## Material to process
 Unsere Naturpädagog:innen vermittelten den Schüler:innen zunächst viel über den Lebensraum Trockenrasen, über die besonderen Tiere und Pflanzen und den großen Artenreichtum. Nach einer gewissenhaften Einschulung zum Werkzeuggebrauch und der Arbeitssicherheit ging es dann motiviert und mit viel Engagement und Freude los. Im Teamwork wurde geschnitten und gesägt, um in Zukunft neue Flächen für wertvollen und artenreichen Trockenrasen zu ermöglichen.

==

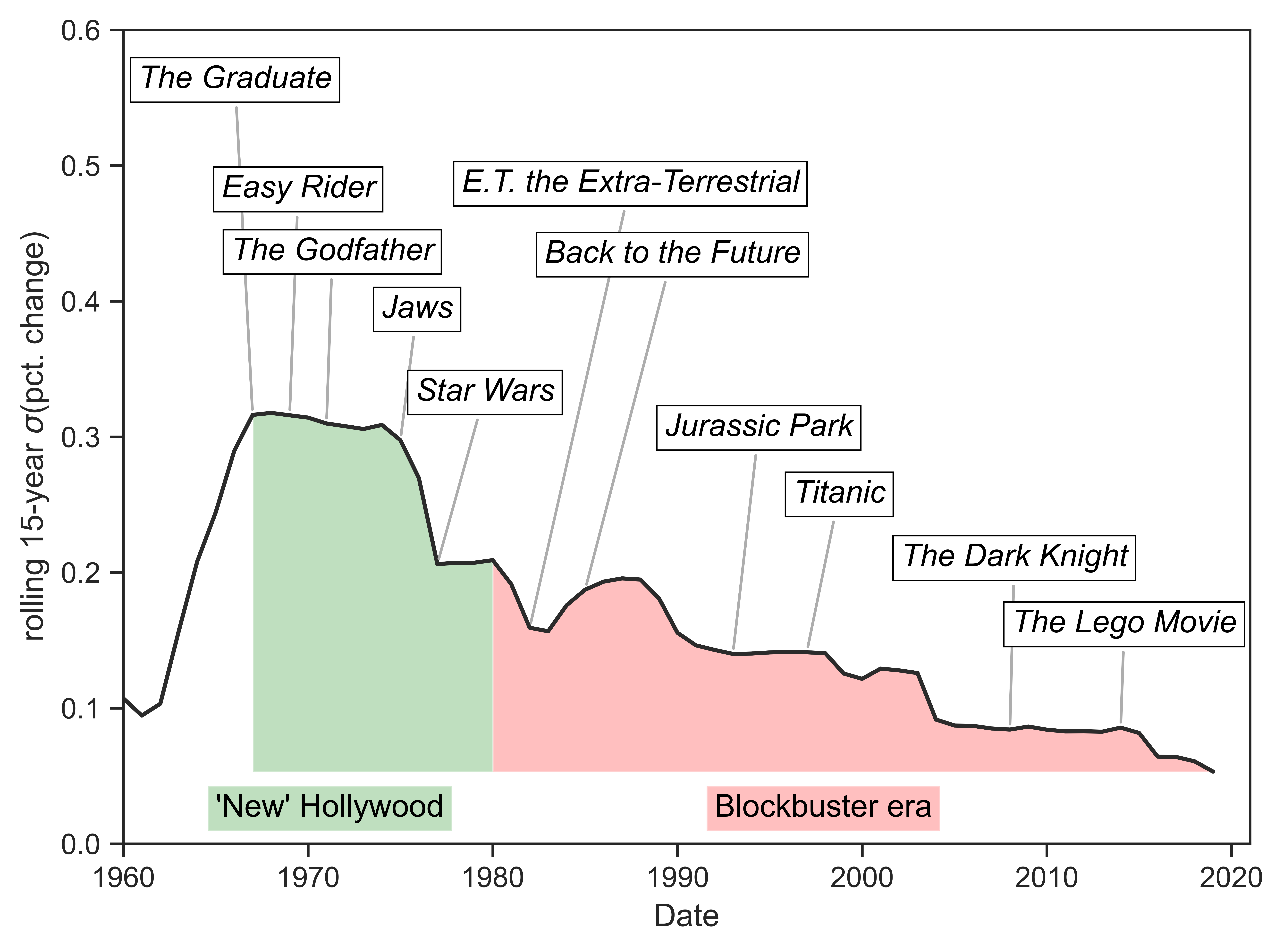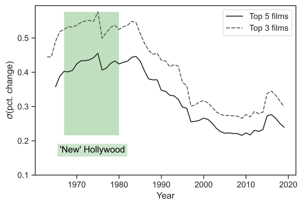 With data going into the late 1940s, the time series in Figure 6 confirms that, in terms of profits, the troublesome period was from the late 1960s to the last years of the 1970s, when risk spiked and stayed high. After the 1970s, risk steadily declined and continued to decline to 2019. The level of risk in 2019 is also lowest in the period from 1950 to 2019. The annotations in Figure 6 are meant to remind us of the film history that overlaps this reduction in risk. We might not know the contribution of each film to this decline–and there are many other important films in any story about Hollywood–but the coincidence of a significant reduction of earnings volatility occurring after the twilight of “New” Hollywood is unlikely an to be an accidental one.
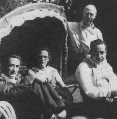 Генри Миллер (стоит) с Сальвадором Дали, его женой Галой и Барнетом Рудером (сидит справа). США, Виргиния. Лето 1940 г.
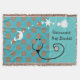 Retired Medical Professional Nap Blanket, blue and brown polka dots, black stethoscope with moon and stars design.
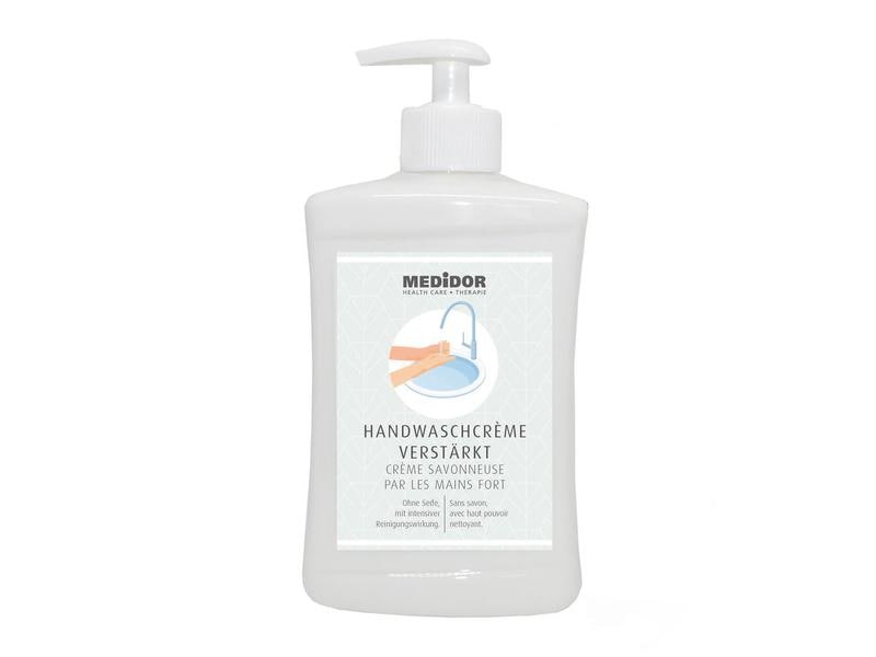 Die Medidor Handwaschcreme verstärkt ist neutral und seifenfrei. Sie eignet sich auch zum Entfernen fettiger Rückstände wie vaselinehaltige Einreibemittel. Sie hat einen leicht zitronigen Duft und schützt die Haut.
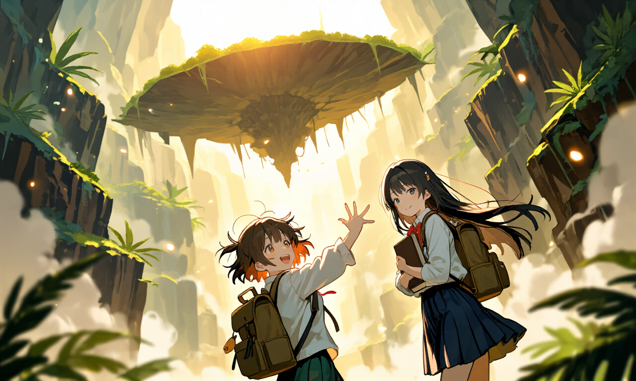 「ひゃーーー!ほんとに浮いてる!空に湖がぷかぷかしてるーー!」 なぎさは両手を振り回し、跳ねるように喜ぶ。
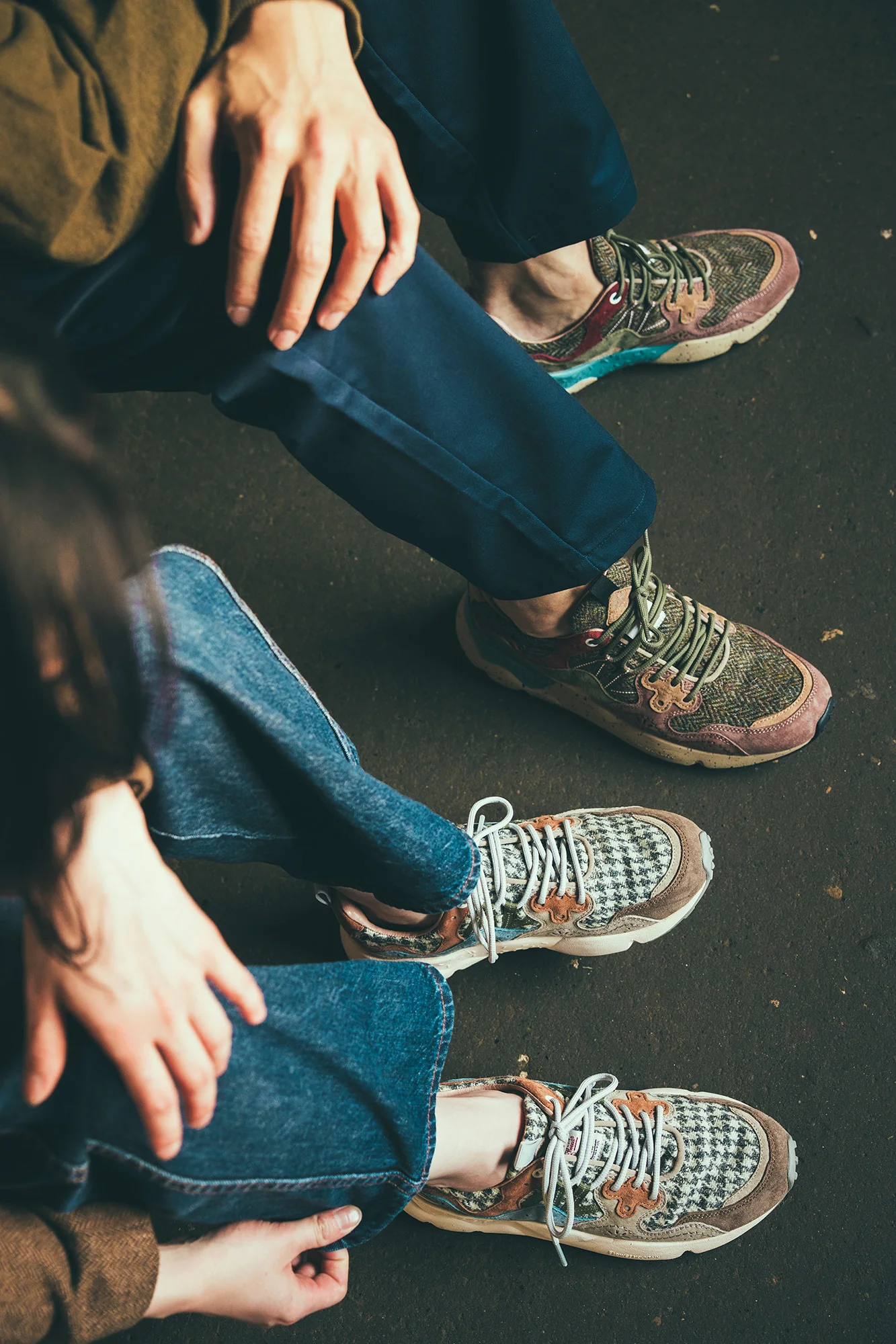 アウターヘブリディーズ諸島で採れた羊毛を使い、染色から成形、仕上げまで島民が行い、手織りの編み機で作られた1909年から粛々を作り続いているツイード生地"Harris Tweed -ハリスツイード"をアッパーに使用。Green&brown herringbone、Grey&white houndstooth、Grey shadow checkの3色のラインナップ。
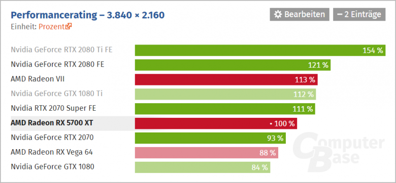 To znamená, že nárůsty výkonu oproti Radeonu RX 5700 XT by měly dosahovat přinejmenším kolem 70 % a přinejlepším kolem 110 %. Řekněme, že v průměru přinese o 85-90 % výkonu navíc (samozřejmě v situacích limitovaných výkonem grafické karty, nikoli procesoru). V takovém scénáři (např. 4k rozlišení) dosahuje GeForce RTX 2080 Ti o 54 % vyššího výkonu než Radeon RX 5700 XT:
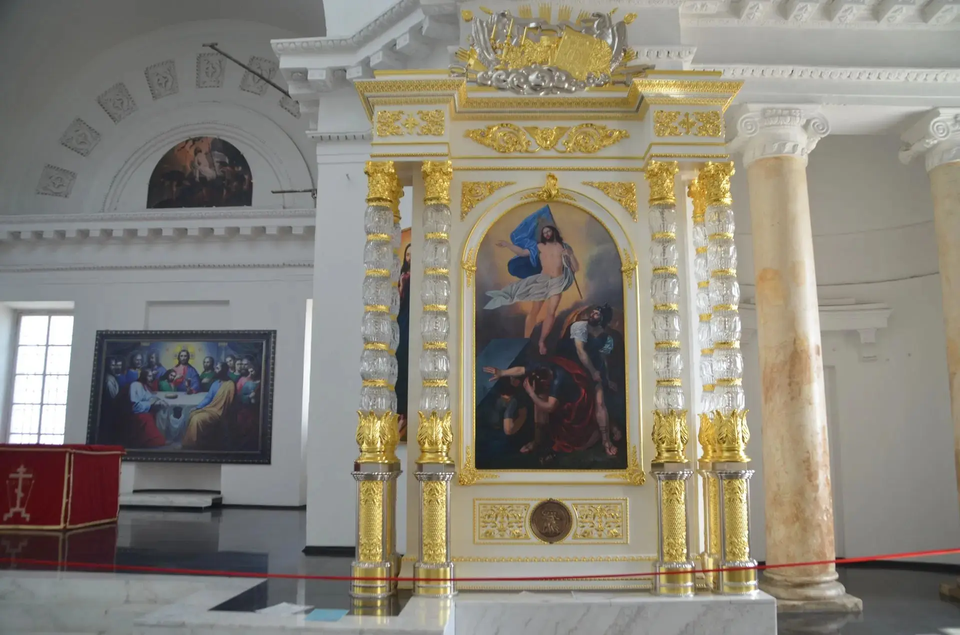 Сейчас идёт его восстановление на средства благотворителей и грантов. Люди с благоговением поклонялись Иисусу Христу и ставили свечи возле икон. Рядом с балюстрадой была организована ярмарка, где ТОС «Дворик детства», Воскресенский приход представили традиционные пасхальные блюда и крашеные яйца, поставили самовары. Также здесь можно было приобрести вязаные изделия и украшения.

==

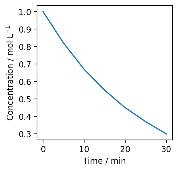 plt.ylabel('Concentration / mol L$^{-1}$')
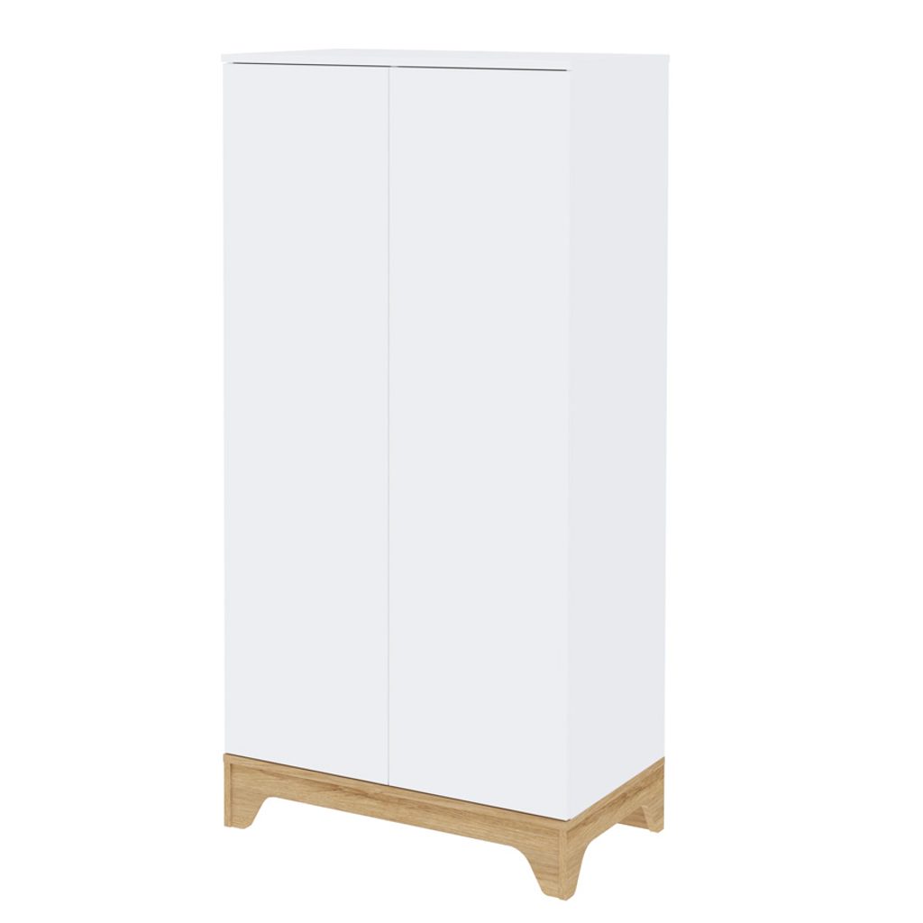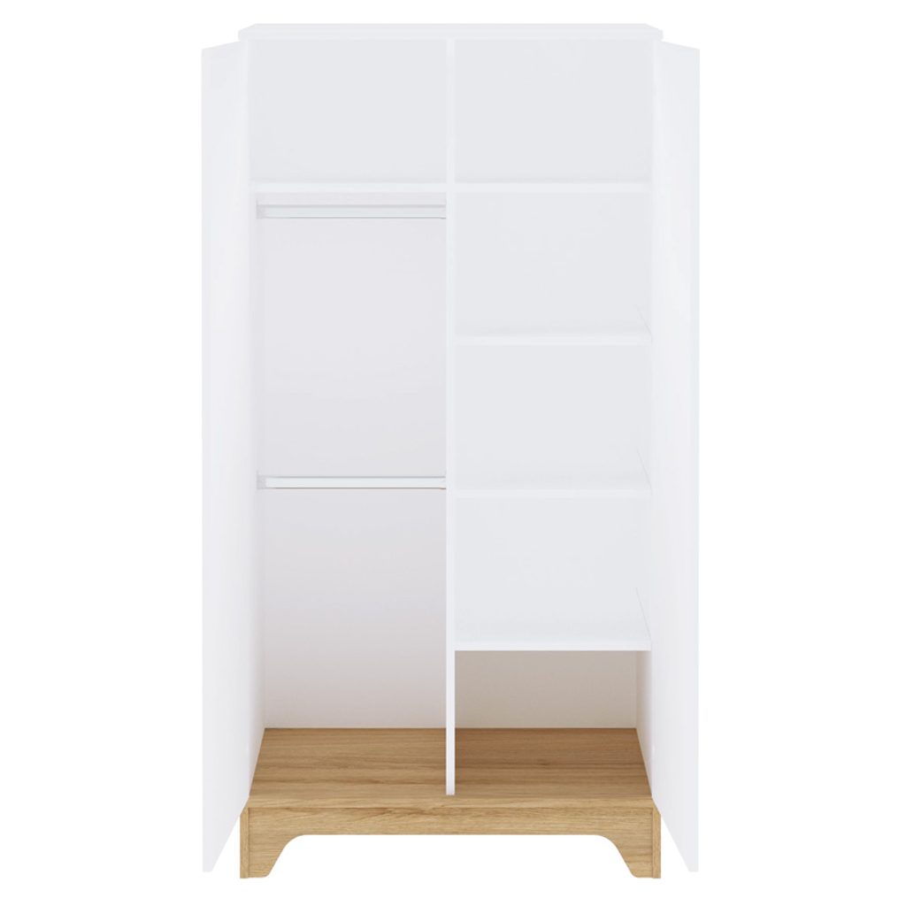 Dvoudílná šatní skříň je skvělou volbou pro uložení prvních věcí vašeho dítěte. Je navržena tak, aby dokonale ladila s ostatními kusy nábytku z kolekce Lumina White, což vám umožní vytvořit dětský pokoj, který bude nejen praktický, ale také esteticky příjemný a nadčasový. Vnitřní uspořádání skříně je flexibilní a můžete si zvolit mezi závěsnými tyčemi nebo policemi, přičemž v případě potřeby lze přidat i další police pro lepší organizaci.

## Directions
Range to print from the listing above: from the line with "Die Medidor Handwaschcreme" up to and including the line with "To znamená, že". Please print those lines exactly, with no pictures and nothing more.

## Task response
 Die Medidor Handwaschcreme verstärkt ist neutral und seifenfrei. Sie eignet sich auch zum Entfernen fettiger Rückstände wie vaselinehaltige Einreibemittel. Sie hat einen leicht zitronigen Duft und schützt die Haut.
 「ひゃーーー!ほんとに浮いてる!空に湖がぷかぷかしてるーー!」 なぎさは両手を振り回し、跳ねるように喜ぶ。
 アウターヘブリディーズ諸島で採れた羊毛を使い、染色から成形、仕上げまで島民が行い、手織りの編み機で作られた1909年から粛々を作り続いているツイード生地"Harris Tweed -ハリスツイード"をアッパーに使用。Green&brown herringbone、Grey&white houndstooth、Grey shadow checkの3色のラインナップ。
 To znamená, že nárůsty výkonu oproti Radeonu RX 5700 XT by měly dosahovat přinejmenším kolem 70 % a přinejlepším kolem 110 %. Řekněme, že v průměru přinese o 85-90 % výkonu navíc (samozřejmě v situacích limitovaných výkonem grafické karty, nikoli procesoru). V takovém scénáři (např. 4k rozlišení) dosahuje GeForce RTX 2080 Ti o 54 % vyššího výkonu než Radeon RX 5700 XT:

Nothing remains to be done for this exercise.